Task 3: Switch the switches and send a message
This task included all the steps listed in task 1. First, we took out the button that was on the board. Then we took the two wires on our switch and subbed them in for where the button’s original position on the breadboard was. One wire is connected to the negative power source and the other is connected to the positive power source. Lastly, my partner thought of a word to send me in morse code. I was able to guess the word that he sent was MATH.
Additional Required Questions:
Question 1: What is the function of the resistor R1? (You can read about the reason why LEDs need resistors here)
Answer 1: It is necessary to use resistors in LEDs so that they do not get damaged by current flowing through them. Resistors are able to limit the current to below the maximum allowable current that LEDs are capable of handling. Resistors function as a limiter so that LEDs do not exert more currents than is allowed.
Question 2: Looking at the following circuit, draw its diagram by yourself.
Answer 2:
Question 3: After reading The Art of Interactive Design, in what way do you think that the circuit you built today includes interactivity? Which degree of interactivity does it possess? Please explain your answer.
Answer 3: The circuit we built today defiantly has a degree of interactivity. As said in the article everything can have interactivity but the degree of interactivity varies. Our circuit includes interactivity because it gives a response whenever we push on the button similar to how the light of a refrigerator has interactivity. I would say that the circuit we build today would have low interactivity. Besides a beep and LED lighting up with every press of the button, there is not much else. The circuit does not offer more than a couple of options similar to the light of the fridge.
Question 4: How can Interaction Design and Physical Computing be used to create Interactive Art? You can reference Zack Lieberman’s video or any other artists that you know.

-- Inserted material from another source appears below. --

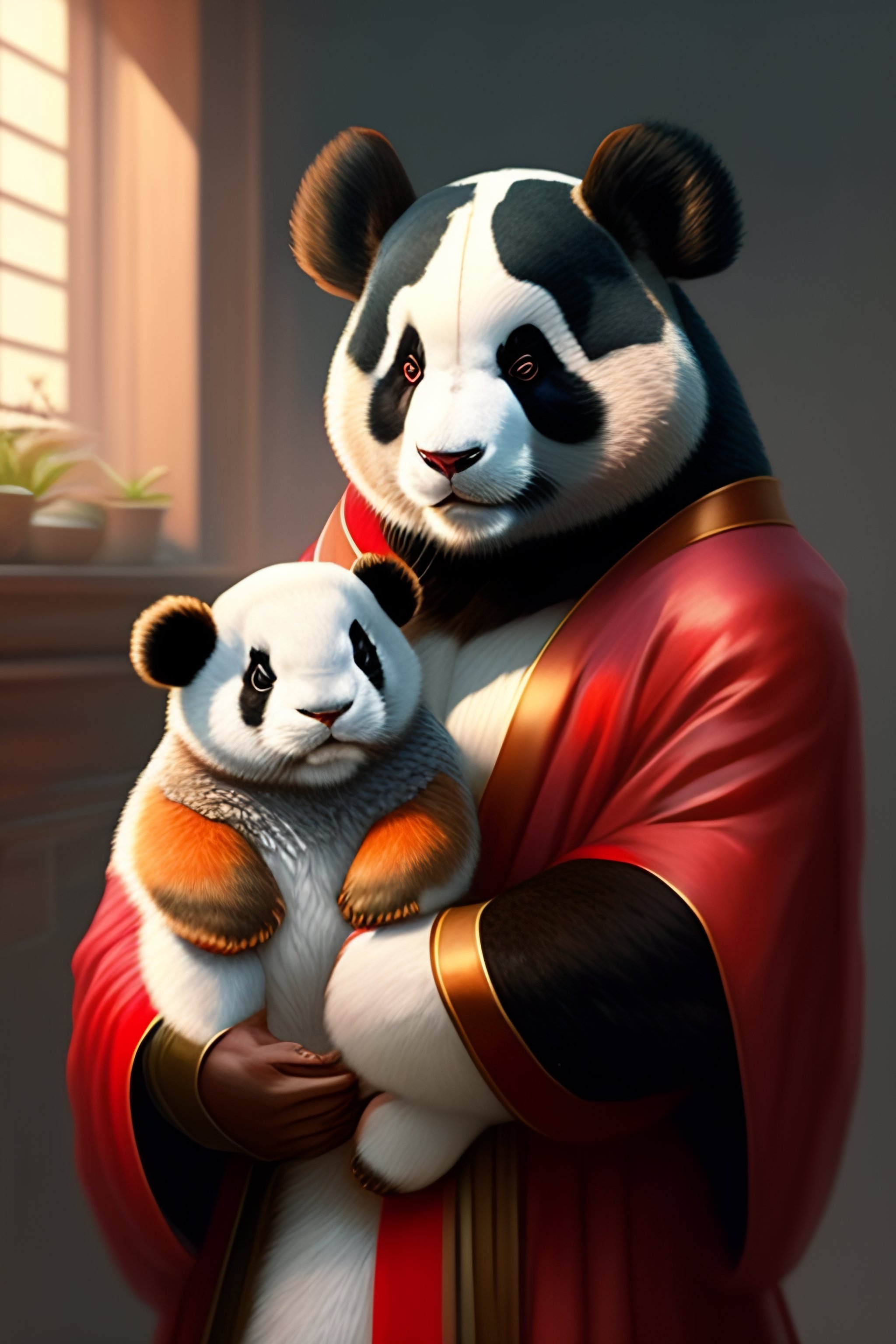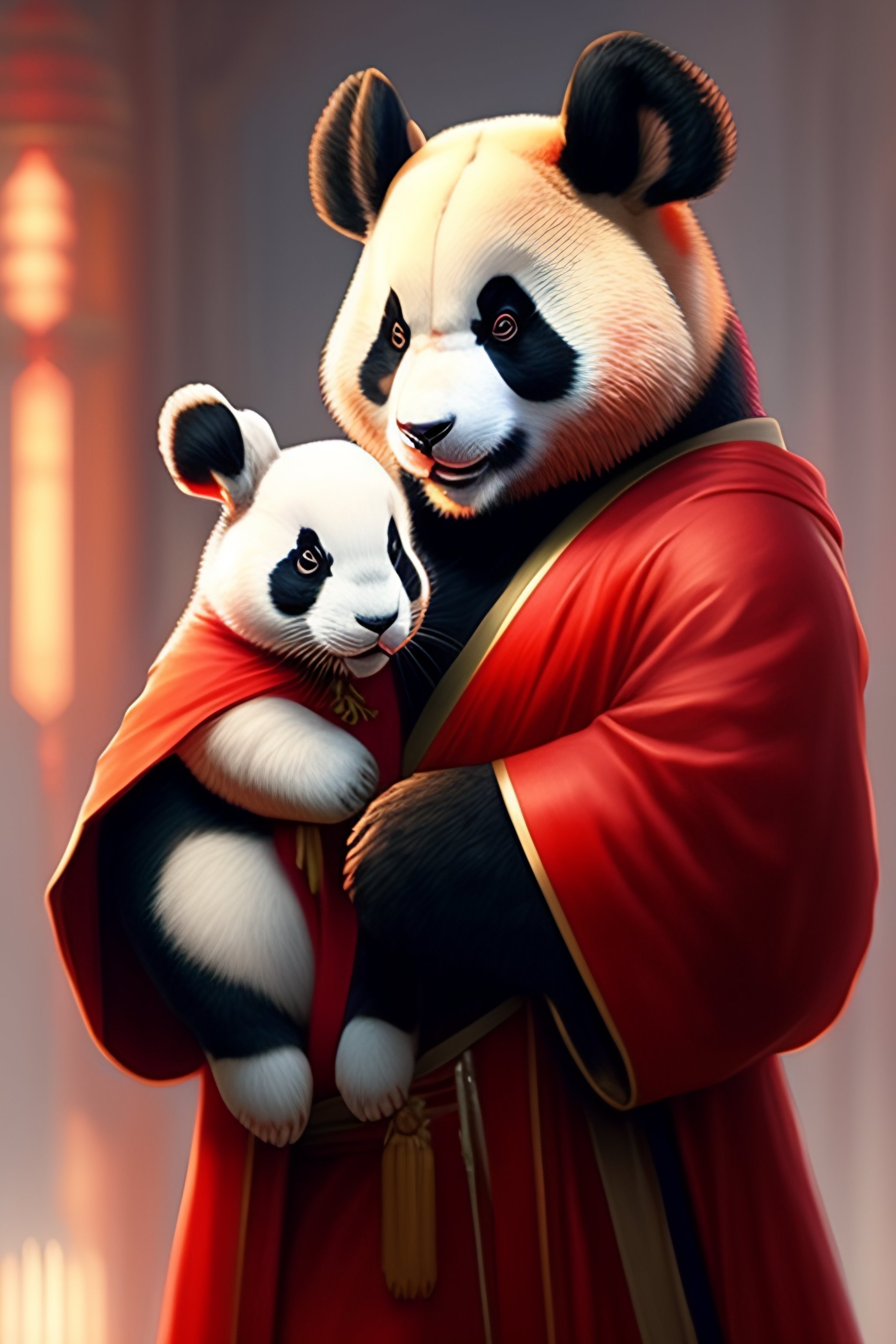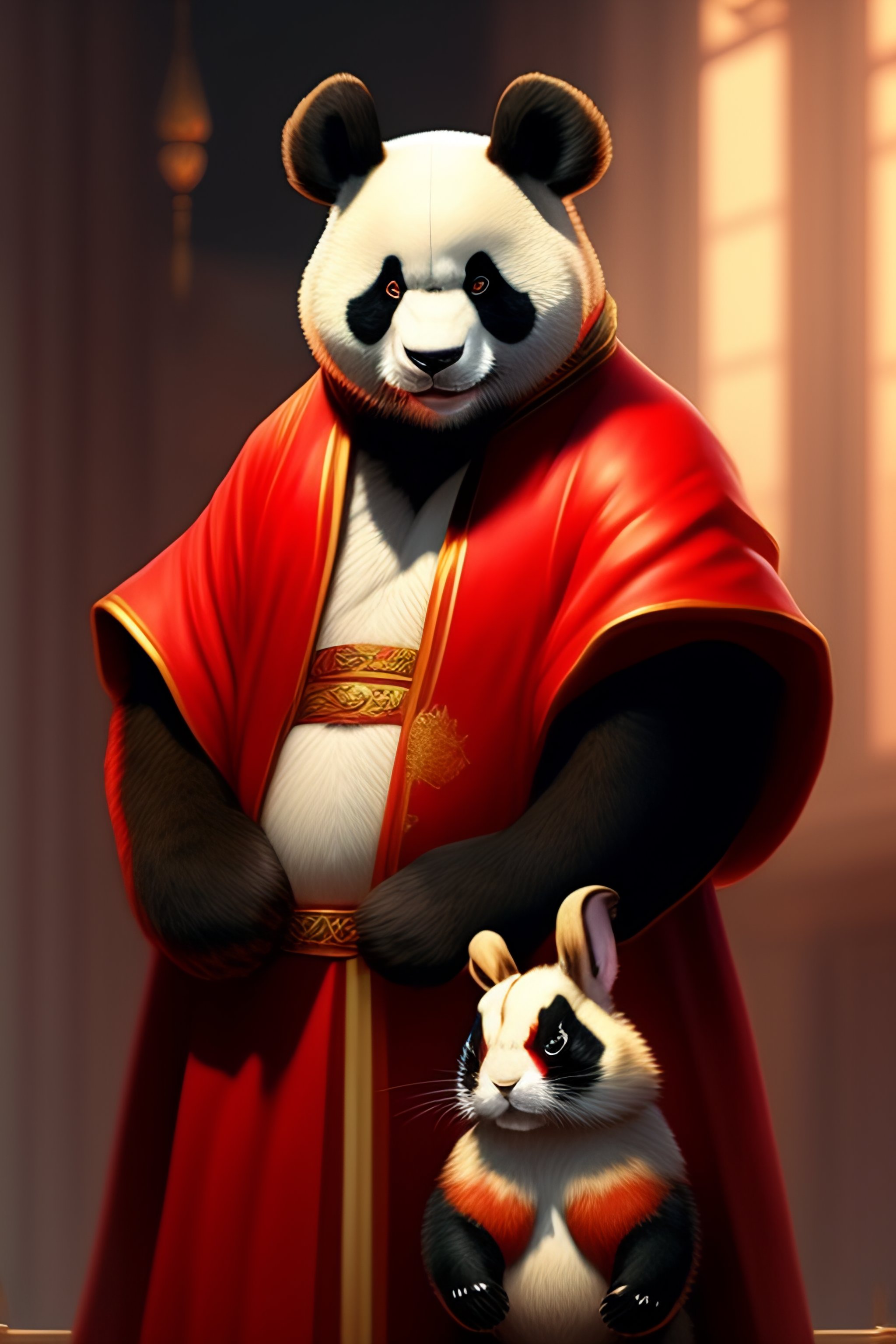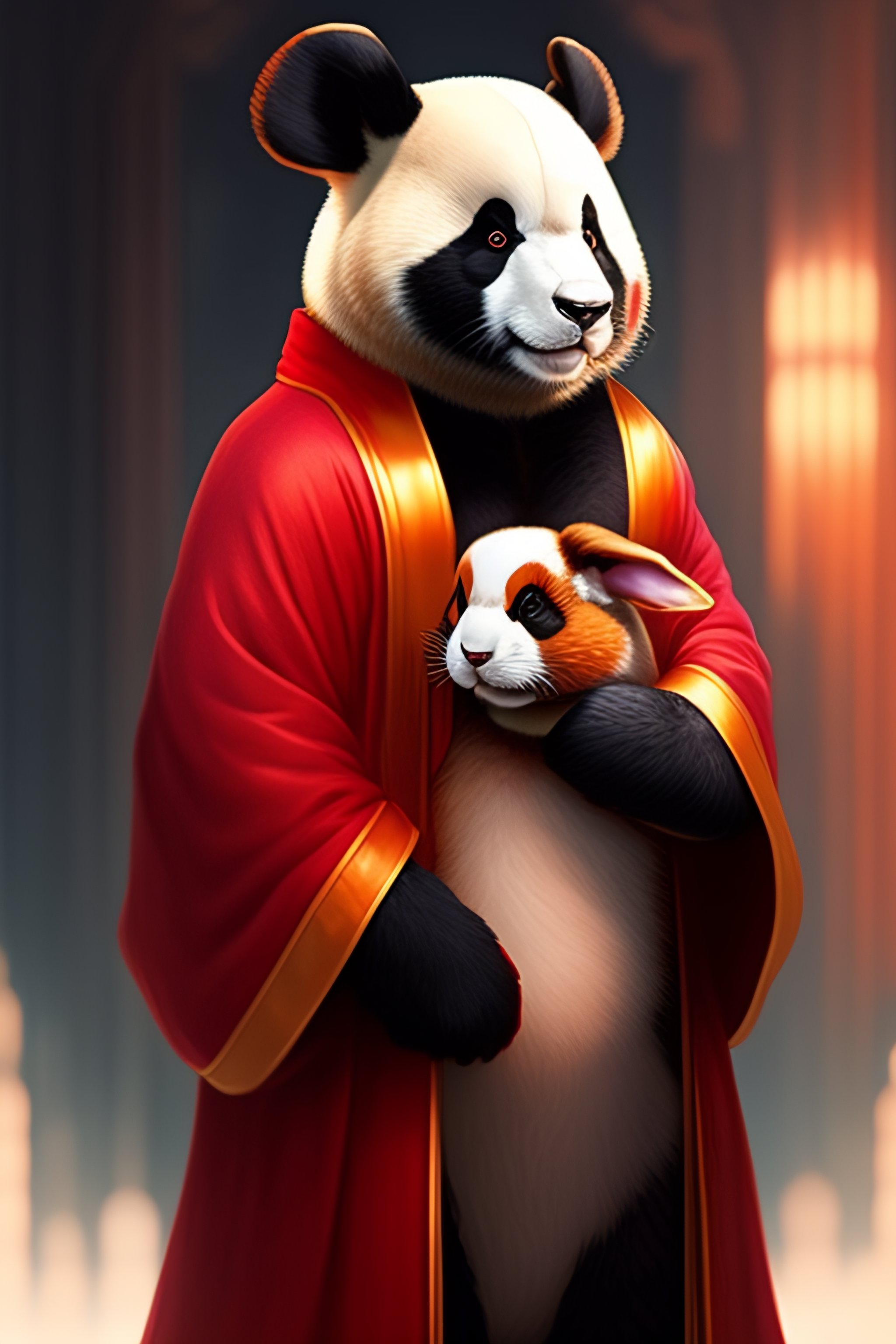 Anthro furry humanoid panda holding a rabbit, wearing a red chinese robe, character concept design, painting, detailed, vivid, trending on artstation, by greg rutkowski

Answer 4: The first project that Zack Lieberman talked about was “Drawn”. In this project, after individuals have drawn whatever they desired they have the ability to interact with their artwork, by moving whatever was drawn around. The second project that Zack Liberman talked about was “Iq Font”. It was very interesting how he was able to program a computer to follow the car, and through that make a font that was unique to the car. The last project that was discussed was called “EyeWriter”. It was fascinating how they were able to program this low-cost software and eye tractor for the man with Liguria disease. Through only his eyes, he was able to draw and create artwork. All these interactive arts are made through interaction design and physical computing, which makes it possible that whoever comes in contact with them, is physically able to interact with them and make art.